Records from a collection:
Start of Block

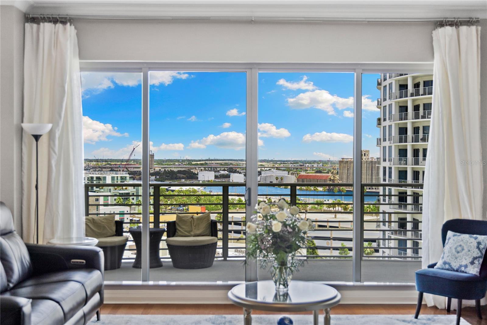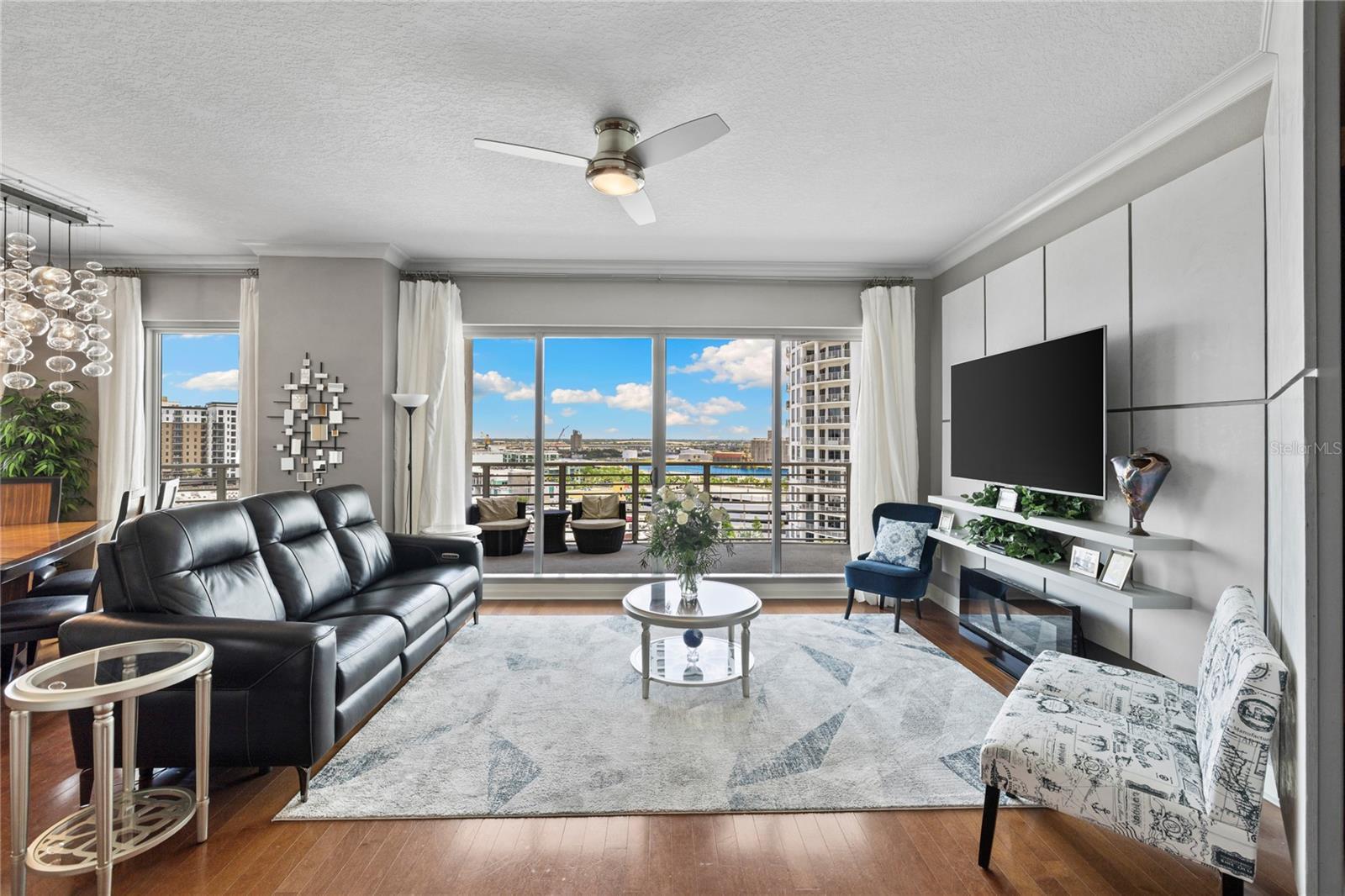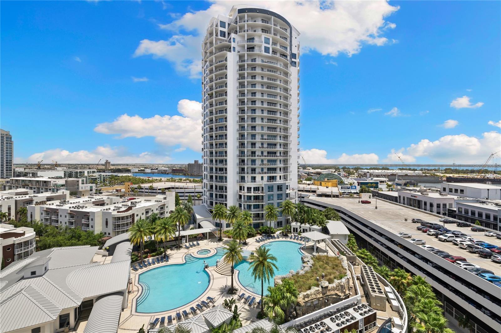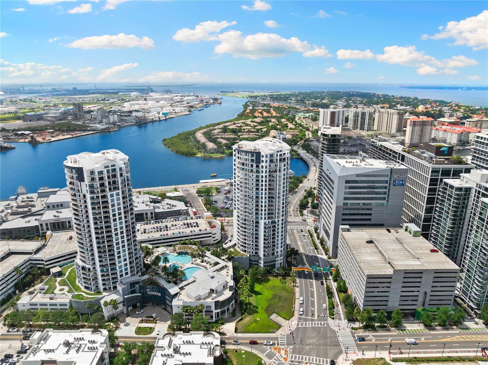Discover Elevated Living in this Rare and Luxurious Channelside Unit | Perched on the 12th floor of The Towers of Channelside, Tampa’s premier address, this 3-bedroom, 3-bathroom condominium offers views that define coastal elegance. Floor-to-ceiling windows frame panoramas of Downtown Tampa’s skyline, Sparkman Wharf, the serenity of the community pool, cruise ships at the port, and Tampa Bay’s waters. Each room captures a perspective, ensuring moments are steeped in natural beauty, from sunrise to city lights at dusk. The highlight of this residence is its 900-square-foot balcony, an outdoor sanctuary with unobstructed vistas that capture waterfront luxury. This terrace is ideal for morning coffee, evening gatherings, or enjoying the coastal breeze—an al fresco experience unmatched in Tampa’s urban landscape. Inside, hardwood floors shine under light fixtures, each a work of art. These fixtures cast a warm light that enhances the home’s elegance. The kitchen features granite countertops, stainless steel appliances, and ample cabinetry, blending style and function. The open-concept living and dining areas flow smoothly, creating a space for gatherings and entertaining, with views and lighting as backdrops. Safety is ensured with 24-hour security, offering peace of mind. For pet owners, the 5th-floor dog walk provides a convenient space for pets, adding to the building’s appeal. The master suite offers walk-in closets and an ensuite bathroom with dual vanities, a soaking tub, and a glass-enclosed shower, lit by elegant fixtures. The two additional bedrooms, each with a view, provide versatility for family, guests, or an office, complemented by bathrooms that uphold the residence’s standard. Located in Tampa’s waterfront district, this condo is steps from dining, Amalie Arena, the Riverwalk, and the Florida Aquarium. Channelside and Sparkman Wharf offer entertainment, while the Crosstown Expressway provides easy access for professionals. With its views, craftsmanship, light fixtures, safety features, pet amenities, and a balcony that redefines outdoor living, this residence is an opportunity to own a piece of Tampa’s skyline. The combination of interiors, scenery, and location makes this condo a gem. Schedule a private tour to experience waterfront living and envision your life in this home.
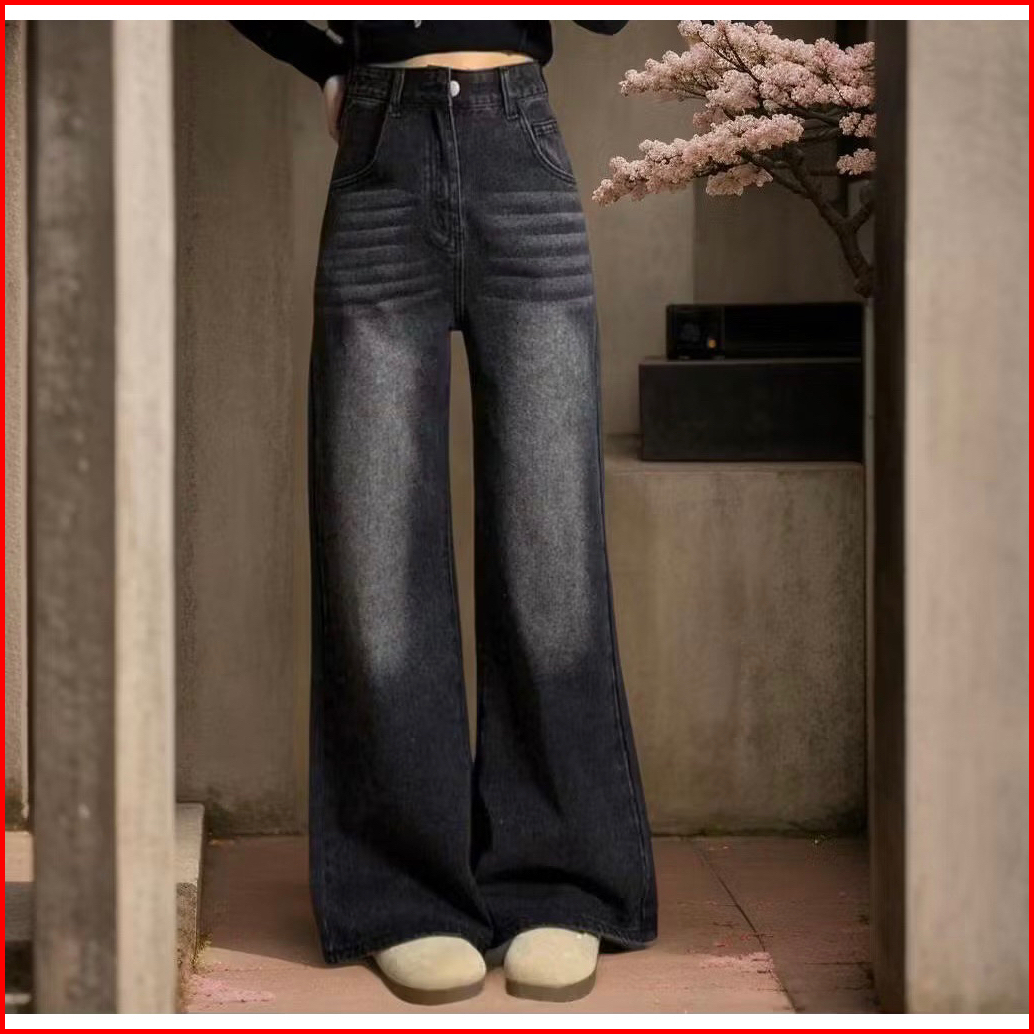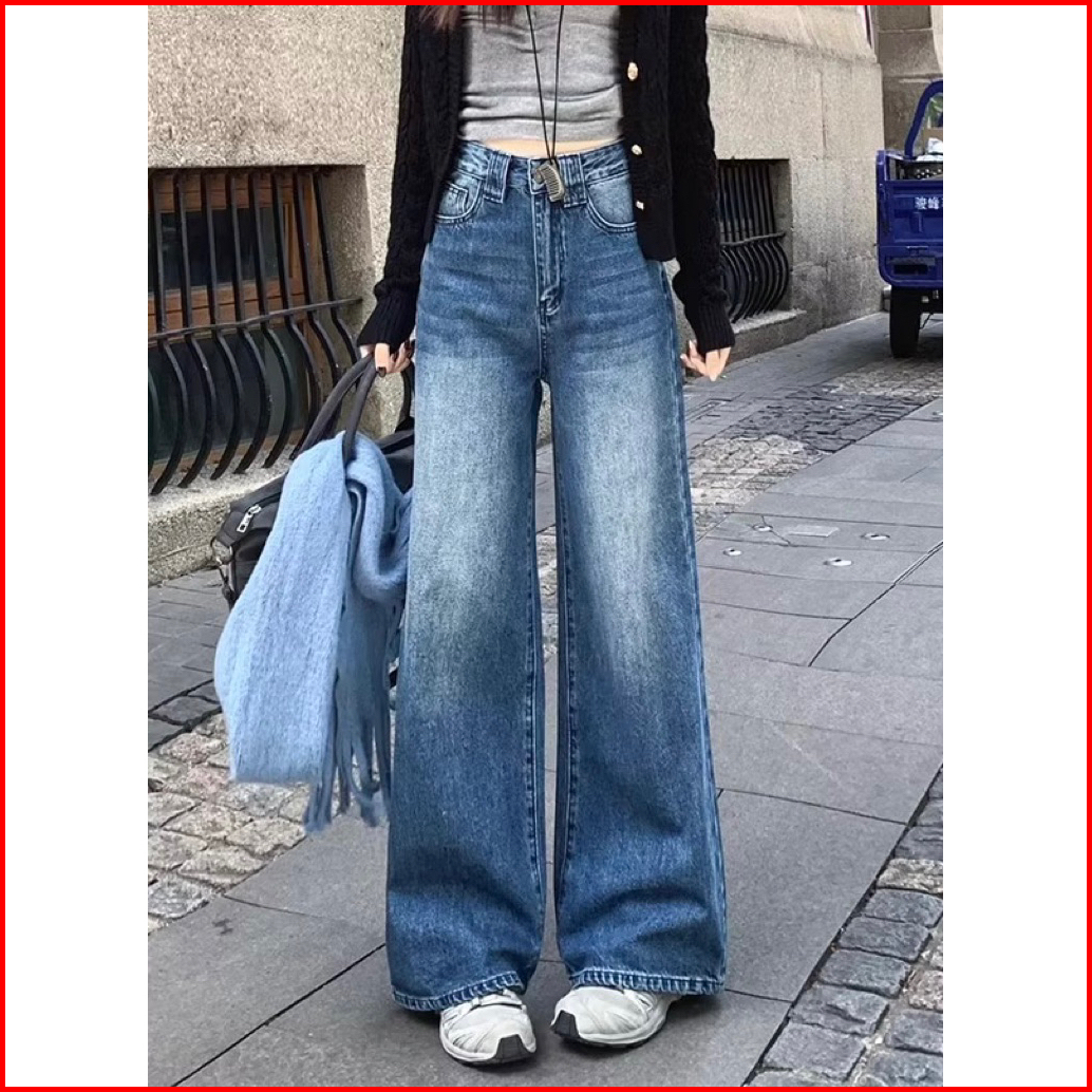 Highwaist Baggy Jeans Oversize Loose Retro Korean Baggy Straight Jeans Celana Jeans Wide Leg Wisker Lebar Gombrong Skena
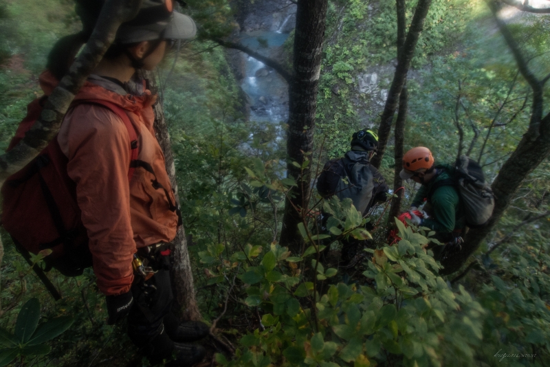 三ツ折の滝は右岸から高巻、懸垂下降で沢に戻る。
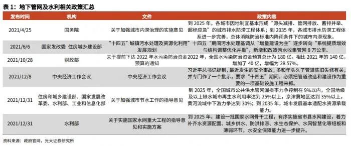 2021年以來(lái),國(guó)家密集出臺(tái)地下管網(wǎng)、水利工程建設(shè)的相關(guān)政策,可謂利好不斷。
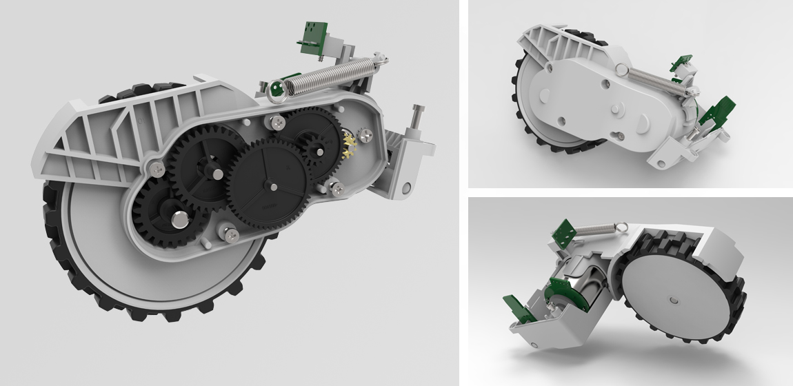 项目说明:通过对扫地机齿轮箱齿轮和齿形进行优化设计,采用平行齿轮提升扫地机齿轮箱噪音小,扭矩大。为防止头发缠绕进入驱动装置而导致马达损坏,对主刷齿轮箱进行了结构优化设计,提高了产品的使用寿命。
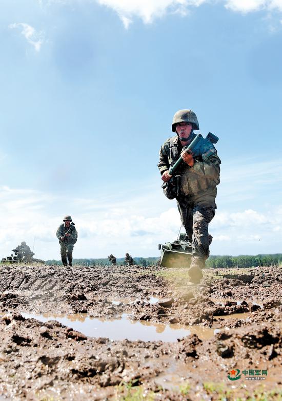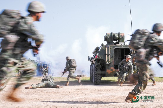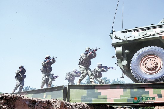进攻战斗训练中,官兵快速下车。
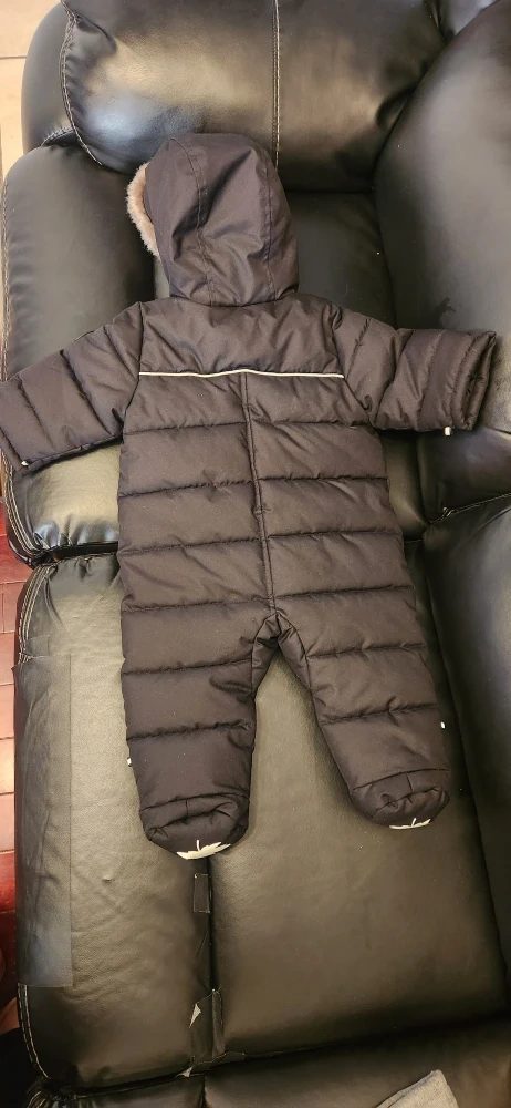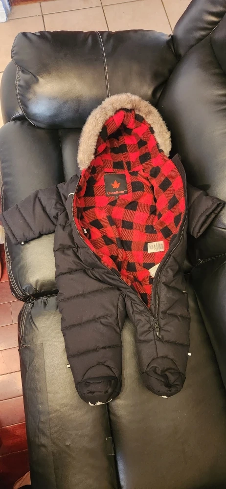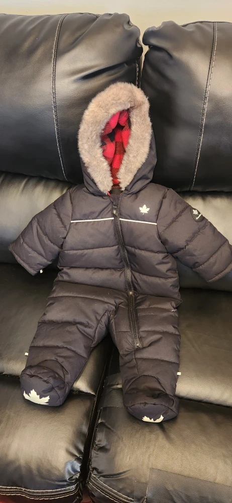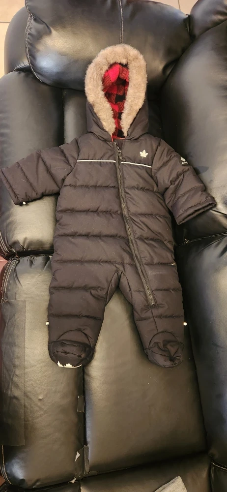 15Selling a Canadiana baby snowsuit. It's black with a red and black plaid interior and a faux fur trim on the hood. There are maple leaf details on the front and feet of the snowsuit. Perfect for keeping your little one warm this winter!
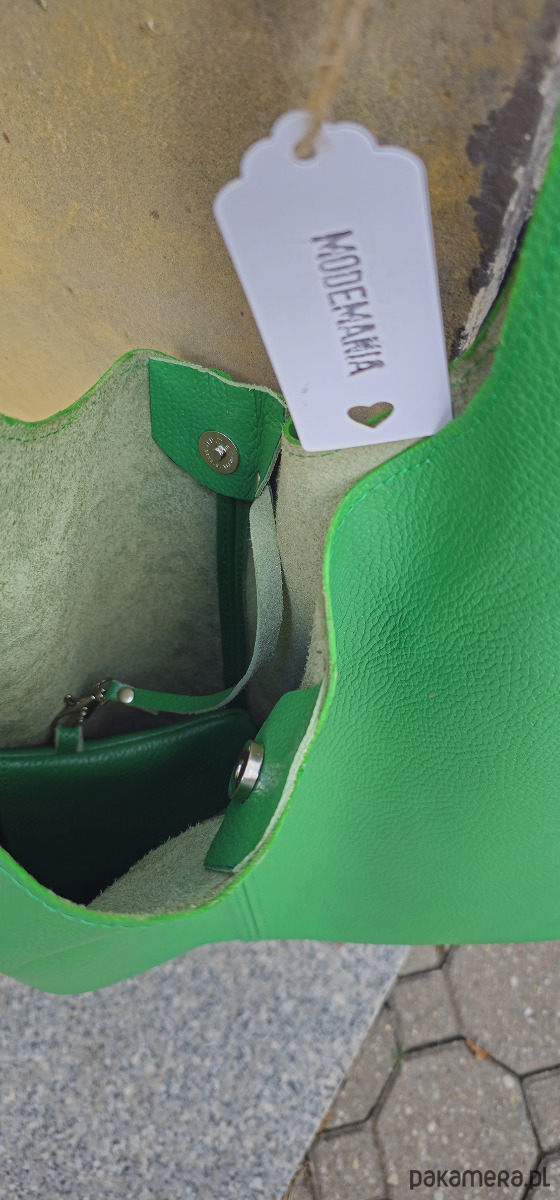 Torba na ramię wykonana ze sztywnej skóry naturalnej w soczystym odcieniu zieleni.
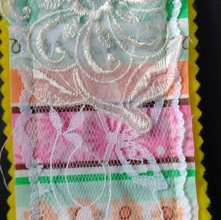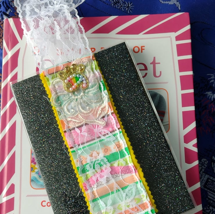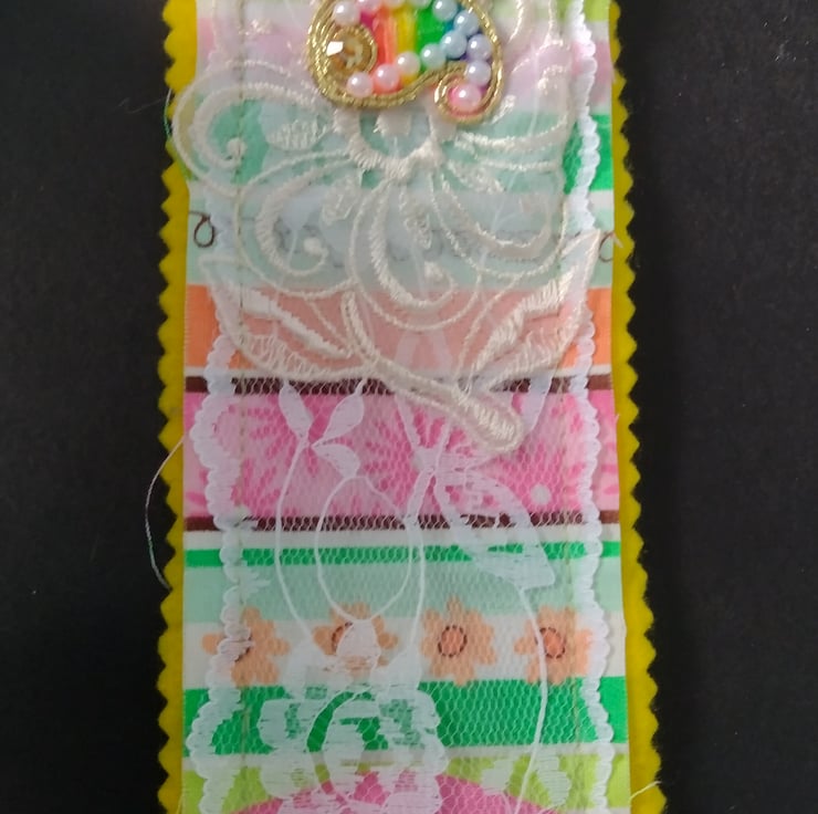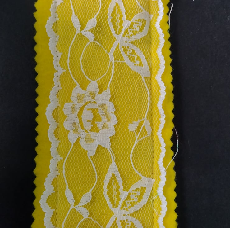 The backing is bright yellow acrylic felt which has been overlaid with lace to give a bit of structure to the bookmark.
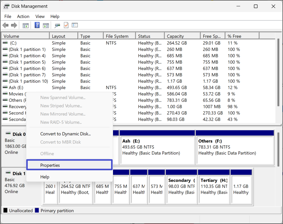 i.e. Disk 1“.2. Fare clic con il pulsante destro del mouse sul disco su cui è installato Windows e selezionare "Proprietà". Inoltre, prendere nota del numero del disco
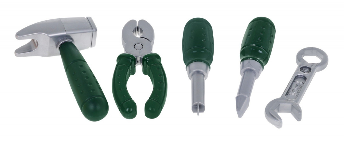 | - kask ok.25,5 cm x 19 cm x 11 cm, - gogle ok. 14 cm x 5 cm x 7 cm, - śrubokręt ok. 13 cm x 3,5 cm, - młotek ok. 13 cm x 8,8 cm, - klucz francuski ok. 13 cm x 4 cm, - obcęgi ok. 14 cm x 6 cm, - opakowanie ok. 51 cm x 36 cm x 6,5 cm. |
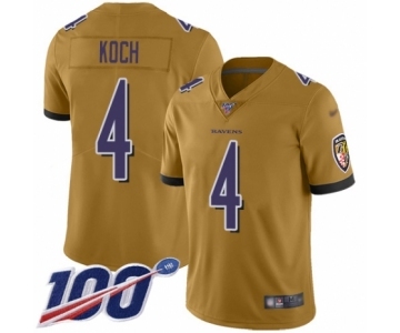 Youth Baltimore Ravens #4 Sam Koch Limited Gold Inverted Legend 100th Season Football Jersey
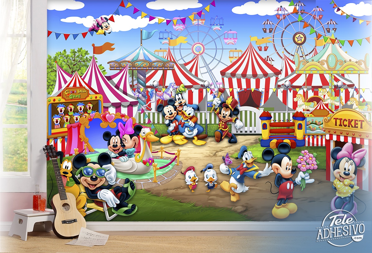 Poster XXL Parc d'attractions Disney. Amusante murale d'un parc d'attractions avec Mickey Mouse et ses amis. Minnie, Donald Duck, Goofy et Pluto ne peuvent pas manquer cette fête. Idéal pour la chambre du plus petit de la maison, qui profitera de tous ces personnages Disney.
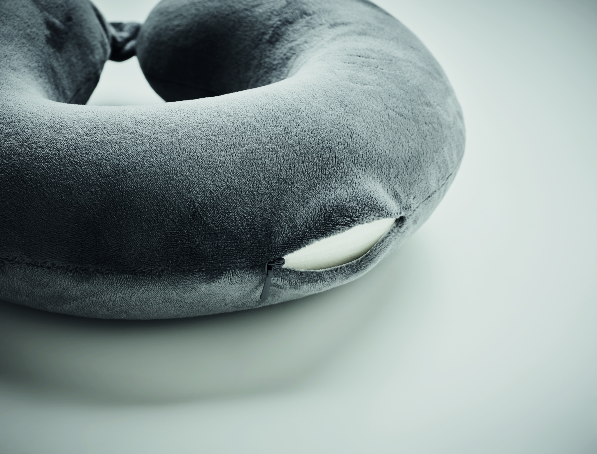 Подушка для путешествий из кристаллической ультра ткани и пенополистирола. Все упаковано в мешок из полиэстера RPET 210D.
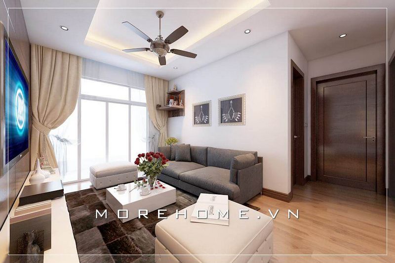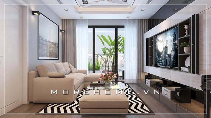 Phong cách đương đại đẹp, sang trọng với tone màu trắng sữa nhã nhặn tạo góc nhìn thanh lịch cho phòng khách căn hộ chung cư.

End of Block

TRY IT:
Output nothing but the records, word for word, and none of their pictures.

EXERCISE RESULT:
Discover Elevated Living in this Rare and Luxurious Channelside Unit | Perched on the 12th floor of The Towers of Channelside, Tampa’s premier address, this 3-bedroom, 3-bathroom condominium offers views that define coastal elegance. Floor-to-ceiling windows frame panoramas of Downtown Tampa’s skyline, Sparkman Wharf, the serenity of the community pool, cruise ships at the port, and Tampa Bay’s waters. Each room captures a perspective, ensuring moments are steeped in natural beauty, from sunrise to city lights at dusk. The highlight of this residence is its 900-square-foot balcony, an outdoor sanctuary with unobstructed vistas that capture waterfront luxury. This terrace is ideal for morning coffee, evening gatherings, or enjoying the coastal breeze—an al fresco experience unmatched in Tampa’s urban landscape. Inside, hardwood floors shine under light fixtures, each a work of art. These fixtures cast a warm light that enhances the home’s elegance. The kitchen features granite countertops, stainless steel appliances, and ample cabinetry, blending style and function. The open-concept living and dining areas flow smoothly, creating a space for gatherings and entertaining, with views and lighting as backdrops. Safety is ensured with 24-hour security, offering peace of mind. For pet owners, the 5th-floor dog walk provides a convenient space for pets, adding to the building’s appeal. The master suite offers walk-in closets and an ensuite bathroom with dual vanities, a soaking tub, and a glass-enclosed shower, lit by elegant fixtures. The two additional bedrooms, each with a view, provide versatility for family, guests, or an office, complemented by bathrooms that uphold the residence’s standard. Located in Tampa’s waterfront district, this condo is steps from dining, Amalie Arena, the Riverwalk, and the Florida Aquarium. Channelside and Sparkman Wharf offer entertainment, while the Crosstown Expressway provides easy access for professionals. With its views, craftsmanship, light fixtures, safety features, pet amenities, and a balcony that redefines outdoor living, this residence is an opportunity to own a piece of Tampa’s skyline. The combination of interiors, scenery, and location makes this condo a gem. Schedule a private tour to experience waterfront living and envision your life in this home.
 Highwaist Baggy Jeans Oversize Loose Retro Korean Baggy Straight Jeans Celana Jeans Wide Leg Wisker Lebar Gombrong Skena
 三ツ折の滝は右岸から高巻、懸垂下降で沢に戻る。
 2021年以來(lái),國(guó)家密集出臺(tái)地下管網(wǎng)、水利工程建設(shè)的相關(guān)政策,可謂利好不斷。
 项目说明:通过对扫地机齿轮箱齿轮和齿形进行优化设计,采用平行齿轮提升扫地机齿轮箱噪音小,扭矩大。为防止头发缠绕进入驱动装置而导致马达损坏,对主刷齿轮箱进行了结构优化设计,提高了产品的使用寿命。
进攻战斗训练中,官兵快速下车。
 15Selling a Canadiana baby snowsuit. It's black with a red and black plaid interior and a faux fur trim on the hood. There are maple leaf details on the front and feet of the snowsuit. Perfect for keeping your little one warm this winter!
 Torba na ramię wykonana ze sztywnej skóry naturalnej w soczystym odcieniu zieleni.
 The backing is bright yellow acrylic felt which has been overlaid with lace to give a bit of structure to the bookmark.
 i.e. Disk 1“.2. Fare clic con il pulsante destro del mouse sul disco su cui è installato Windows e selezionare "Proprietà". Inoltre, prendere nota del numero del disco
 | - kask ok.25,5 cm x 19 cm x 11 cm, - gogle ok. 14 cm x 5 cm x 7 cm, - śrubokręt ok. 13 cm x 3,5 cm, - młotek ok. 13 cm x 8,8 cm, - klucz francuski ok. 13 cm x 4 cm, - obcęgi ok. 14 cm x 6 cm, - opakowanie ok. 51 cm x 36 cm x 6,5 cm. |
 Youth Baltimore Ravens #4 Sam Koch Limited Gold Inverted Legend 100th Season Football Jersey
 Poster XXL Parc d'attractions Disney. Amusante murale d'un parc d'attractions avec Mickey Mouse et ses amis. Minnie, Donald Duck, Goofy et Pluto ne peuvent pas manquer cette fête. Idéal pour la chambre du plus petit de la maison, qui profitera de tous ces personnages Disney.
 Подушка для путешествий из кристаллической ультра ткани и пенополистирола. Все упаковано в мешок из полиэстера RPET 210D.
 Phong cách đương đại đẹp, sang trọng với tone màu trắng sữa nhã nhặn tạo góc nhìn thanh lịch cho phòng khách căn hộ chung cư.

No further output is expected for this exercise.